Saturday, 8 October 2011

What Does It Mean For The Scriptures To Be Sufficient? By Tim Stranske

Thanks for the question. A very short answer comes from II Peter 1:3. He has granted us all things that pertain to life and godliness. At the end of the section in verse 10 Peter says"For in this way there will be richly provided for you an entrance into the eternal kingdom of our Lord and Savior Jesus Christ." So Scripture tells us everything that we need to know to walk pleasing to God and enter into heaven. II Timothy 3:16-17 says something similar when it tells us that Scripture is profitable for teaching, reproof, correction and training in righteousness, and then goes on to tell us that it will leave us equipped for every good work. 
We might at first think that a passage like this focuses Scripture on the religious, without making claims on the rest of life or thought. However, in telling us how to live in a way that pleases God, Scripture ends up speaking to many areas that might not appear to many to be religious. Psychology sometimes claims to have an understanding of men's nature and motives for action, and therefore also a strong claim to speak about how we should evaluate the actions of others.
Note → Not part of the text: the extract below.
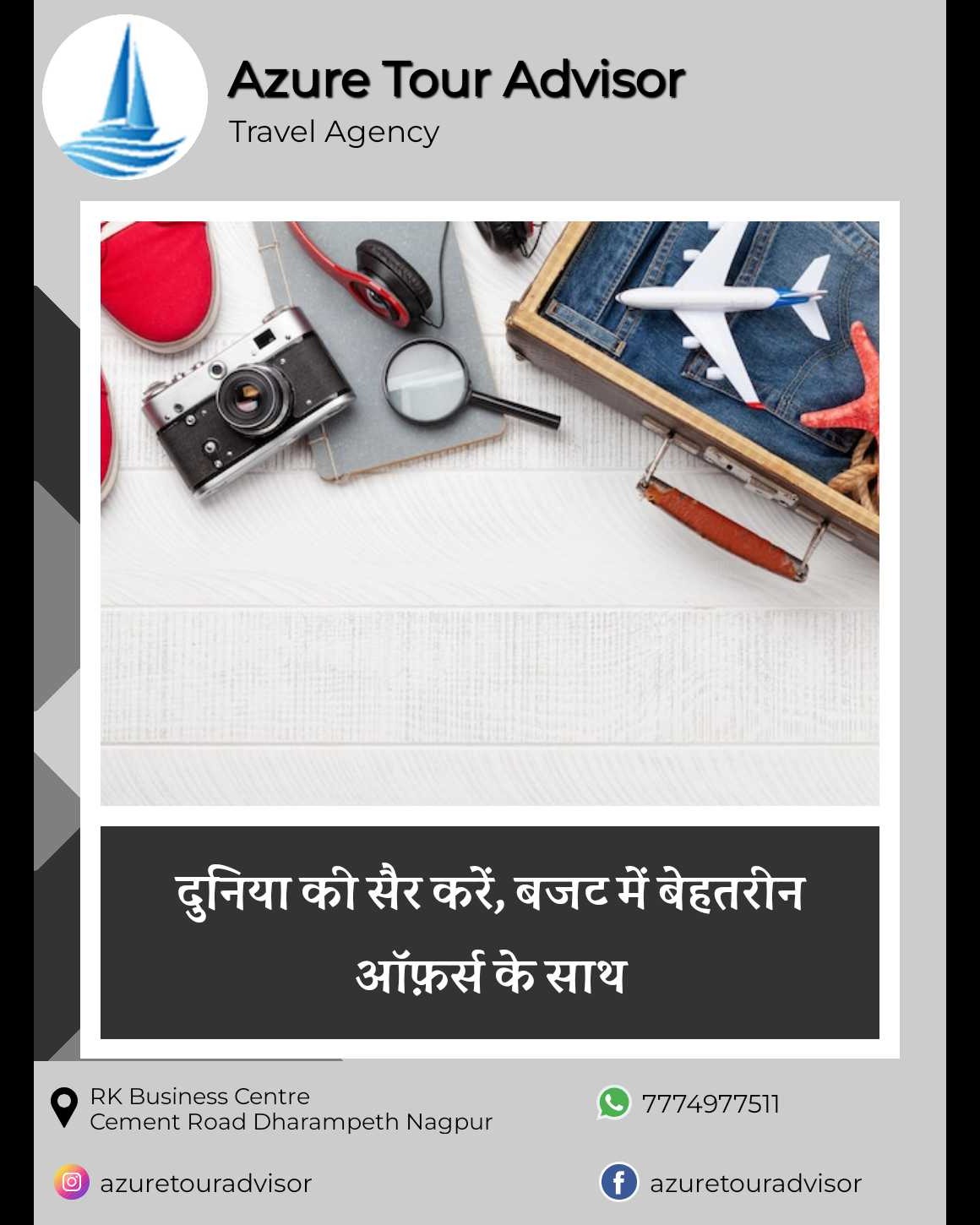 Book Your Domestic & International Packages. We are Azure Tour Advisor. A Travel company based in Nagpur. We deals in Domestic and International tour Packages. If you have any requirement please contact us. Ph : 7774977511 Our Services : Flights. Packages. Visa. Sightseeing. Tours. Local Transport. Meals. Best Tour Operator in Nagpur. Best Travel Agency in Nagpur. Tour Operator in Nagpur. Travel Agency in Nagpur. Domestic Tour Packages. International Tour Packages. Domestic Tour Operator in Nagpur. International Tour Operator in Nagpur. Domestic & International Tour Operator.

However, Scripture makes claims about these things that supersede what psychology claims, because we need to believe what Scripture says in order to please God. When the question arises whether humans are naturally good or not, Scripture gives us the answer in Romans 3. If we believe something different, then I John 1 tells us that the truth isn't in us. We could find many other examples of evaluating people's behavior where we would have to chose between a psychological and biblical explanation, and we can be confident that Scripture provides us an answer we can be sure about. However, psychology also speaks to many things that Scripture doesn't clearly speak to and that don't appear to be necessary to pleasing God. As long as we Scripture as our certain source of truth, we may gain much benefit from studying psychology.
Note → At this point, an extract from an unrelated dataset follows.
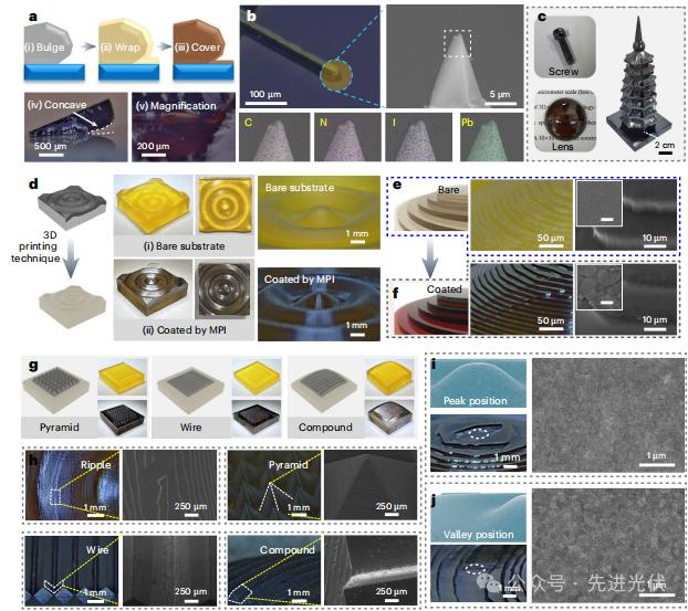 通过不规则凸起、微探针、螺丝等多样化结构,验证了钙钛矿薄膜对复杂几何形貌的普适性覆盖能力。特别展示了3D打印波纹结构模型上薄膜的完整包裹,包括宏观起伏表面和微观层状条纹的双重适应。薄膜厚度扰动控制在20%以内,元素分布图谱证实了化学成分的均匀性。该策略成功实现了从亚微米探针到分米级古塔模型的跨尺度集成,为仿生眼和微谐振器等应用提供了可能。

I like the summary applications in Wayne Grudem's Systematic Theology:

1. The sufficiency of Scripture should encourage us as we try to discover what God would have us to think (about a particular doctrinal issue) or to do (in a particular situation. We should be encouraged that everything God wants to teach us about that question is to be found in Scripture. This does not mean that the Bible answers all questions that we might think up, for "The secret things belong to the Lord our God." But it does mean that when we are facing a problem of genuine importance to our Christian life, we can approach Scripture with the confidence that from it God will provide us with guidance for that problem.

2. The sufficiency of Scripture reminds us that we are to add nothing to Scripture, and that we are to consider no other writings of equal importance with Scripture.

3. The sufficiency of Scripture tells us that God does not require us to believe anything about himself or his redemptive work not found in Scripture.

4. The sufficiency of Scripture shows us that no modern revelations from God are to be placed on a level equal to Scripture in authority. 

5. With regard to living the Christian life, the sufficiency of Scripture reminds us that nothing is sin that is not forbidden in Scripture either explicitly or by implication.

6. The sufficiency of Scripture also tells us that nothing is required of us by God that is not commanded in Scripture either explicitly or by implication.

7. The sufficiency of Scripture reminds us that in our doctrinal and ethical teaching we should emphasize what Scripture emphasizes and be content with what God has told us in Scripture.